According to data from Santiment, Bitcoin was on a promising trajectory but hit a roadblock after a spike in bullish sentiment from the crowd earlier this week. The sentiment-driven rally encountered resistance as market dynamics responded to the increased chatter about Bitcoin potentially reaching $70,000.
The data from Santiment indicates that social media mentions of Bitcoin in the $50K to $59K range have frequently correlated with market bottoms. Conversely, mentions in the $70K to $79K range have often coincided with market tops.
These patterns suggest an inverse relationship between public sentiment and Bitcoin’s price movements. Notably, the rise in mentions predicting a $70K Bitcoin occurred as prices peaked above $67,000. Santiment warns that crowd-driven expectations may be at odds with actual price trends.
image from Santiment
Historical Bitcoin Price Moves and Market Behavior
Santiment’s data highlights the fluctuating nature of Bitcoin’s market behavior concerning social media activity. Mentions of Bitcoin prices in the $50K range tend to increase during periods of bearish sentiment, while mentions of the $70K range spike when optimism is high.
This relationship underscores the influence of crowd behavior, as the market often moves in the opposite direction of prevailing social media sentiment.
In late September, Bitcoin’s price surged above $67,000, triggering heightened bullish calls within the community. However, by mid-October, when Bitcoin tested the $60,000 level, it sparked renewed discussions about potential further price drops.
Now that Bitcoin is surging above $67K and teasing a run for higher levels, the crowd’s bullish sentiment is becoming overheated again, suggesting an impending correction.

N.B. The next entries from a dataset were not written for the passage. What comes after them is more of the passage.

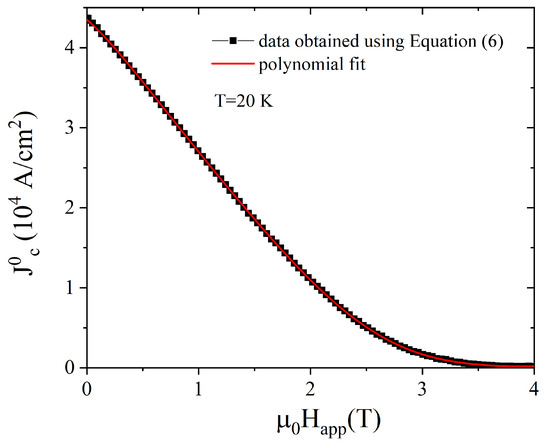 dependence on the applied magnetic field at T = 20 K obtained from the vs. curve measured at r = 0 (Hall probe #4) applying Equation (6) (black symbols) and calculated with a polynomial fit (see text—red solid line).
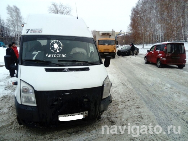 Авария произошла напротив АЗС Газпромнефть (ул. Кутателадзе, 5). Участники ДТП двигались навстречу друг другу по ул. Кутателадзе: Toyota Camry - со стороны пр. Академика Лаврентьева, маршрутка №7 - во встречном направлении.
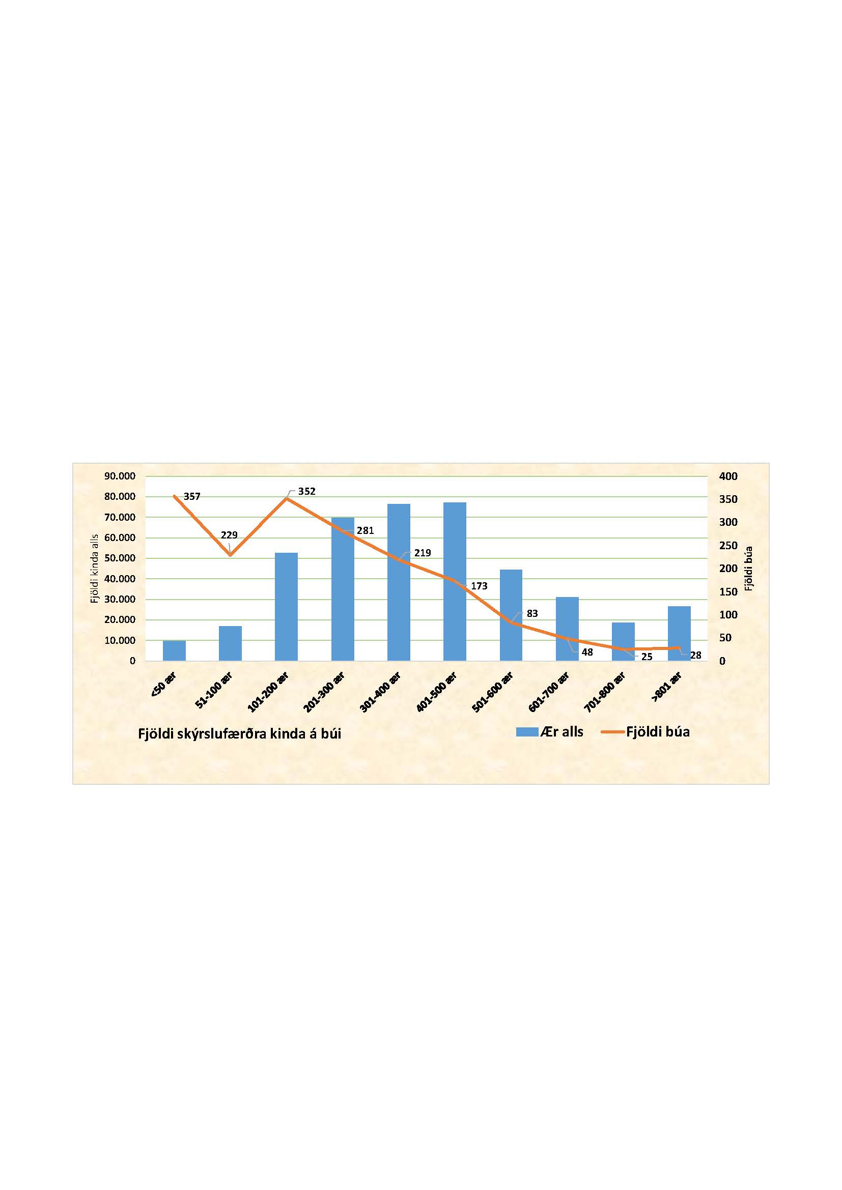 Þátttaka í skýrsluhaldi jókst frá fyrra ári en alls skiluðu 1795 aðilar skýrslum um 346.031 fullorðnar ær (345.146). Alls eru því skráðar í skýrsluhaldið 91% af ásettum ám í landinu m.v. upplýsingar úr forðagæsluskýrslum. Veturgamlar ær í skýrsluhaldinu voru 77.386 (75.441) og veturgamlar+fullorðnar ær á skýrslum því 422.532 (420.587) sem er lítilsháttar aukning milli ára. Á 1. mynd má sjá hvernig þátttaka í skýrsluhaldinu dreifist á milli búa eftir fjölda skýrslufærðra kinda á hverju búi. Rúmlega helmingur þátttakenda í skýrsluhaldi hafa 200 kindur eða færri og rúmlega helmingur kinda í skýrsluhaldinu eru á búum þar sem fjöldi kinda er á bilinu 200 til 500 ær.
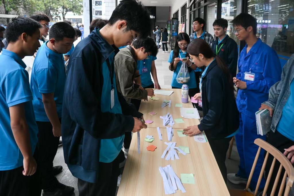 卡牌墙”前长龙不断,100道题目按“基础—进阶—挑战”三级难度排布,覆盖飞行器维修技术、航空发动机维修技术、通用航空器维修、理化测试与质检技术、无人机应用技术等五大专业核心知识点。随机抽卡、即刻开答的节奏把现场氛围直接拉满,顺丰订单23级郑同学用10秒拿下挑战题,“把伯努利方程理解为流动中的能量守恒方程,一秒记住!”检测2401周瓒和队友在“进阶题”区卡壳,现场秒变“临时学习小组”,你一言我一语讨论后合力破解,两人兴奋击掌。欢笑声、掌声此起彼伏,同学们纷纷感慨:“边玩边学”既缓解学习压力,又巩固专业知识,形式新颖,效果显著”。
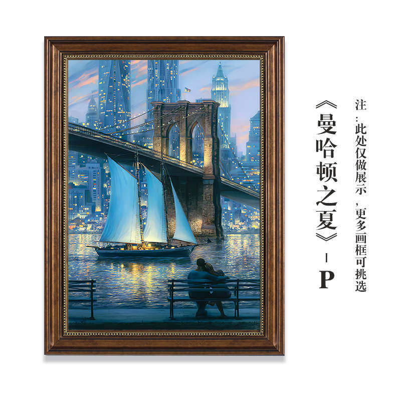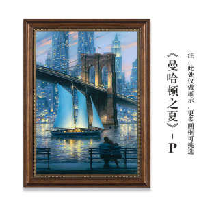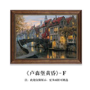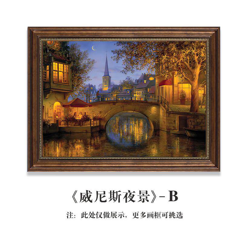 餐厅壁画走廊 复古客厅风景款 过道油画挂画横威尼斯建筑装 饰画美式
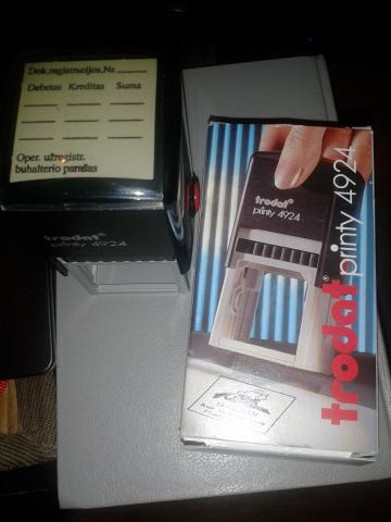 Klasikinio dizaino Trodat 4924 teksto spaudo korpusas. Maksimalus spaudo plotas 40 x 40 mm.
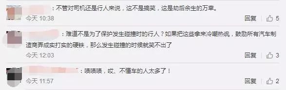 也有網友表示:"不管對司機還是行人來說,這不是搞笑,這是劫后余生的萬幸""防撞效果很好啊,本身就是要緩沖的""塑料懟鋼圈不就這樣?""難道不是為了保護發(fā)生碰撞時的行人?"。
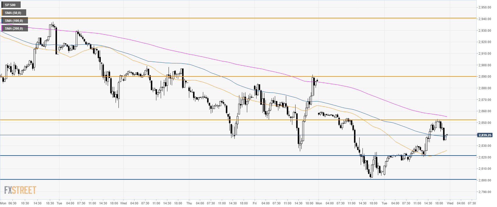 The Index pushed higher throughout the day and is about to close above the 50 and 100 SMA. Bulls seem to be back and they will need to trade beyond 2,853.00 resistance to reach 2,890.00 and 2,940.00 to the upside. Support is at the 2,820.00 and 2,800.00 price level.
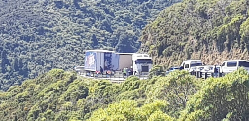 State Highway One is also closed until further notice following an early morning truck crash near Pukerua Bay on the Kapiti Coast.
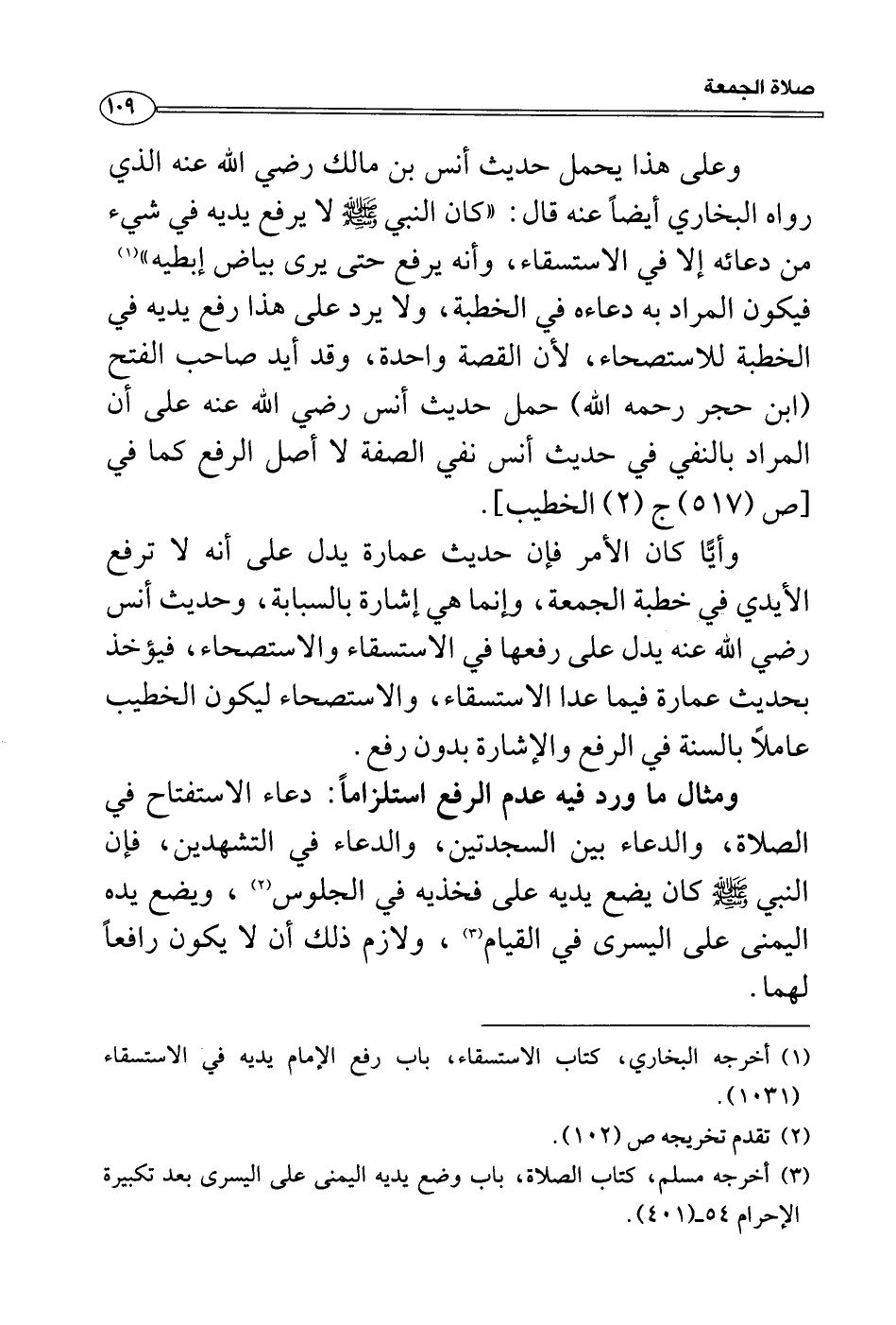 وعلى هذا يحمل حديث أنس بن مالك رضي الله عنه الذي رواه البخاري أيضاً عنه قال: «كان النبي صَلَّى اللَّهُ عَلَيْهِ وَسَلَّمَ لا يرفع يديه في شيء من دعائه إلا في الاستسقاء، وأنه يرفع حتى يرى بياض إبطيه» فيكون المراد به دعاءه في الخطبة، ولا يرد على هذا رفع يديه في الخطبة للاستصحاء، لأن القصة واحدة، وقد أيد صاحب الفتح (ابن حجر رحمه الله) حمل حديث أنس رضي الله عنه على أن المراد بالنفي في حديث أنس نفي الصفة لا أصل الرفع كما في [ص (715) ج (2) الخطيب] .
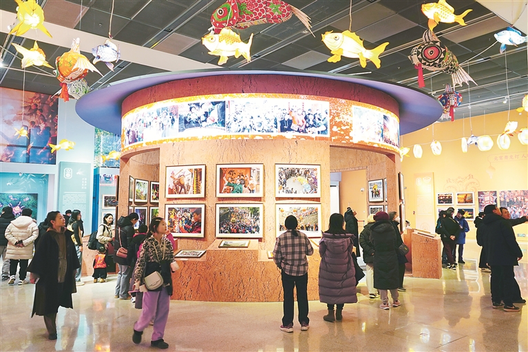 中国式现代化既要物质财富极大丰富,也要精神财富极大丰富、在思想文化上自信自强。 图为观众在中国非物质文化遗产馆内参观 “过年——春节主题摄影展”。透过画面,观众能看到非物质文化遗产在当代的活态传承,感受春节文化中“天人合一”“和合共生”的古老智慧。 图片来源:视觉中国
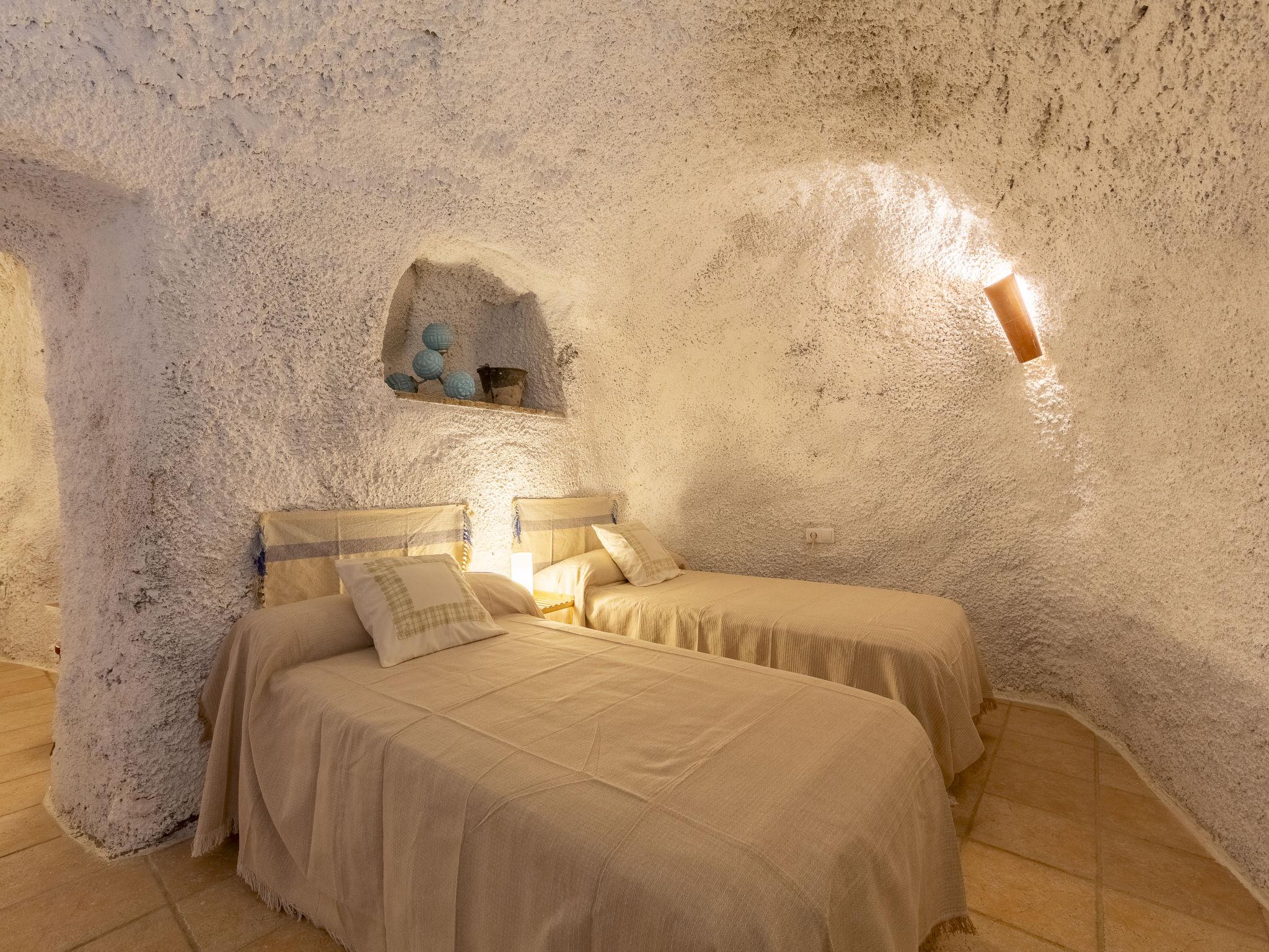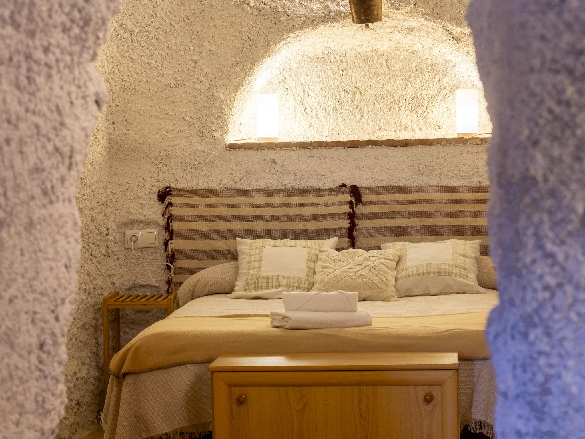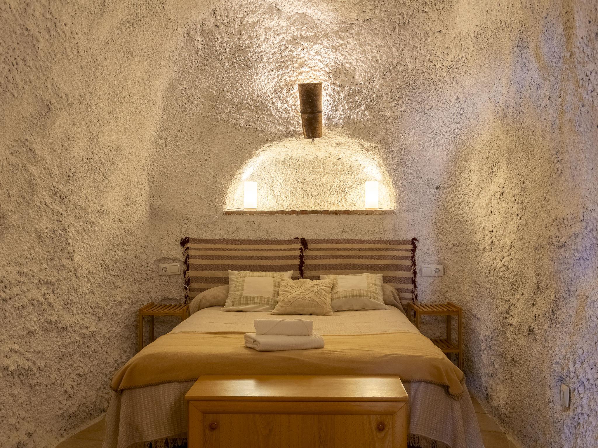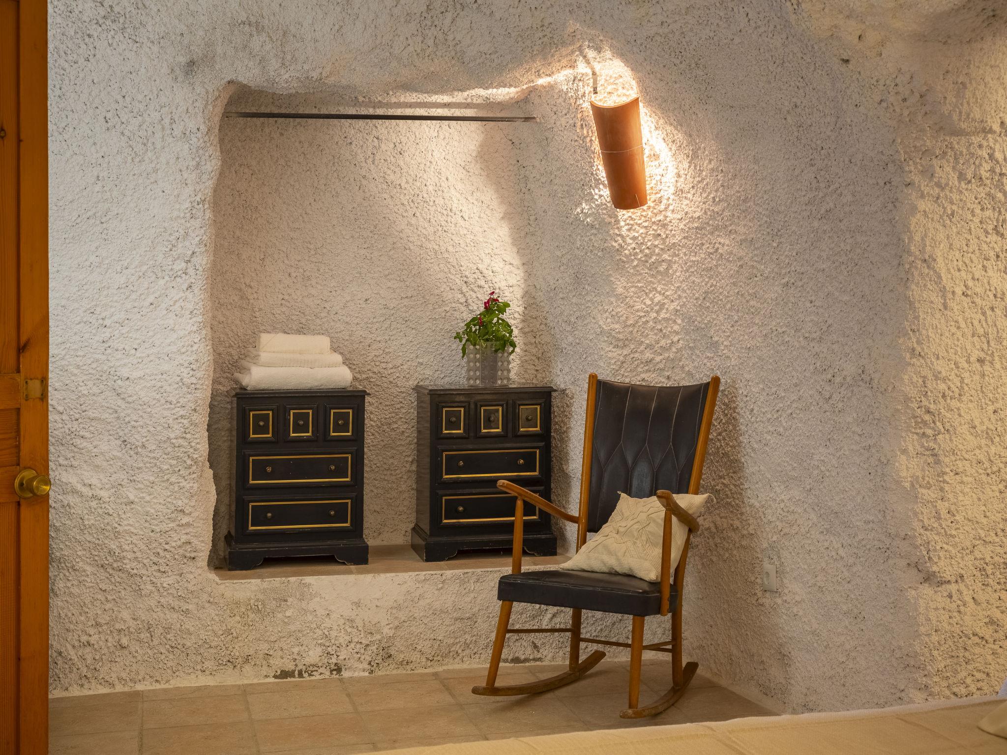 "Cueva Mariana Pineda", 3-room house 70 m2. Living/dining room with dining table, digital TV, flat screen and heating stove. 1 room with 2 beds (90 cm, length 190 cm). 1 room with 1 french bed (150 cm, length 190 cm). Kitchen (4 ceramic glass hob hotplates, toaster, microwave, freezer, electric coffee machine). Shower/bidet/WC. Wood heating. Terrace. Terrace furniture. Facilities: washing machine, iron, children's high chair, baby cot for up to 2 year olds, hair dryer. Internet (WiFi, free). Please note: non-smokers only. VTAR/AL/01159 // Reg. Nr.: ESFCTU000004003000388815000000000000000VTAR/AL/011592
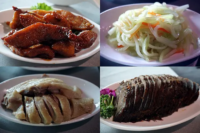 蔗糖燻魚塊、花椒蒿筍絲、南京鹹水鴨、五香醬牛肉
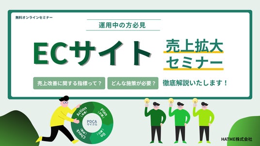 マーケティングアソシエーション株式会社の子会社であるHATME株式会社(本社:東京都台東区 代表取締役:中園広和、以下当社)は2024年9月10日(火)に、ウェブセミナー「【運用中の方必見】ECサイトの売上拡大セミナー~売上改善に関する指標って?どんな施策が必要?徹底解説いたします!~」を、開催いたします。
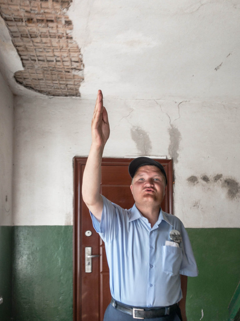 Женя в подъезде своего домаФото: Дмитрий Марков для ТД Централизованного отопления в Жениной комнате нет — есть почти развалившаяся на кирпичи печка.
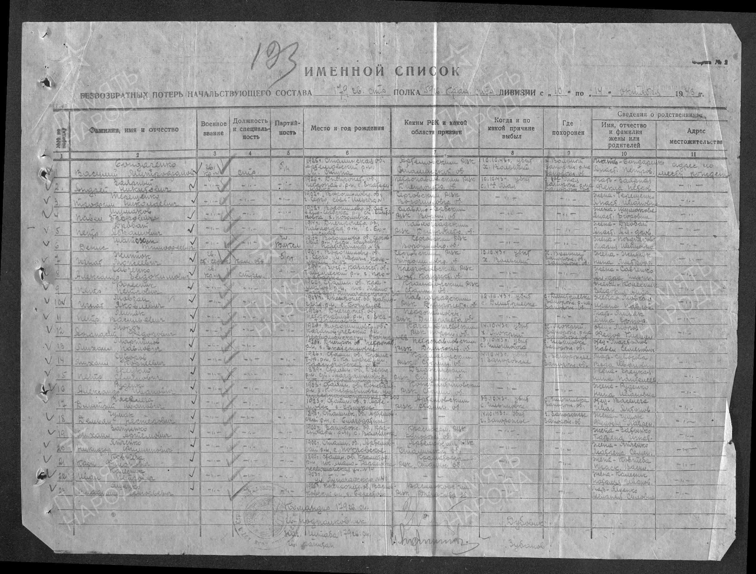 Информация: ЦВМА Картотека безвозвратных потерь; ЦВМА документы; РГВА ф.32880,о.1,д.169; РГВА ф.32885,о.1,д.267; ЦАМО ф.58,о.18001,д.971
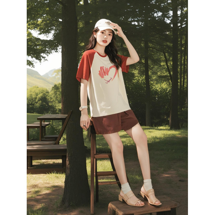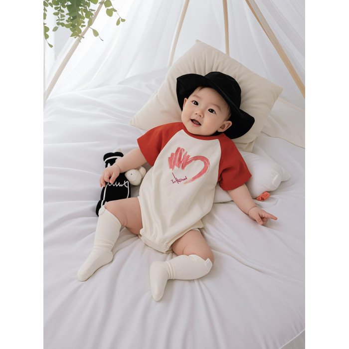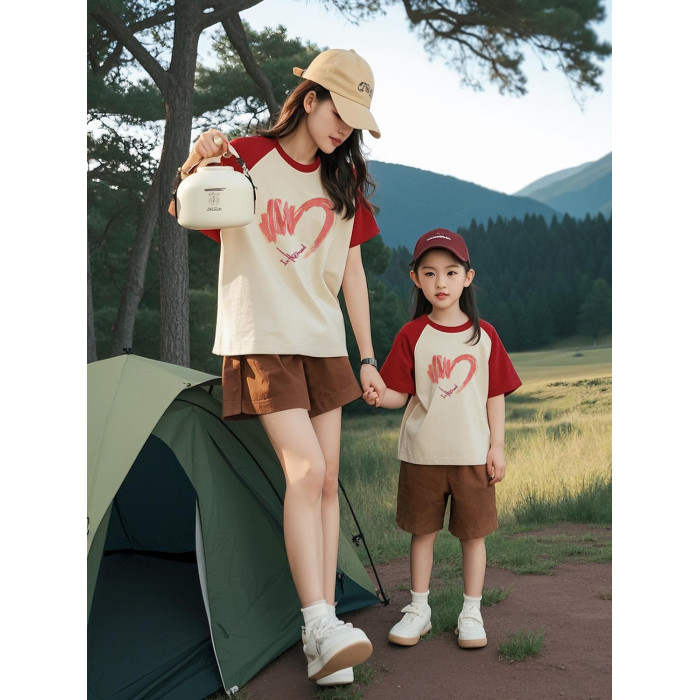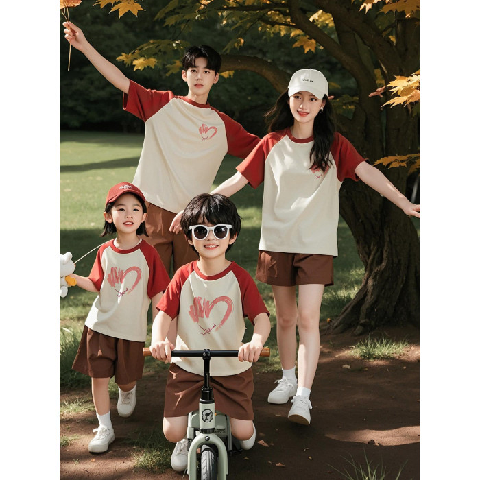 親子裝夏裝2025短袖愛心T恤一家三四口洋氣母子母女嬰兒撞色上衣

Bitcoin’s Resilience Amid Political Neutrality
In a related development, BlackRock CEO Larry Fink recently stated that neither Donald Trump nor Kamala Harris would significantly impact Bitcoin’s long-term trajectory. He noted that Bitcoin has become an asset class of its own, akin to gold, and its uptrend would be independent of regulation or who the next U.S. president is.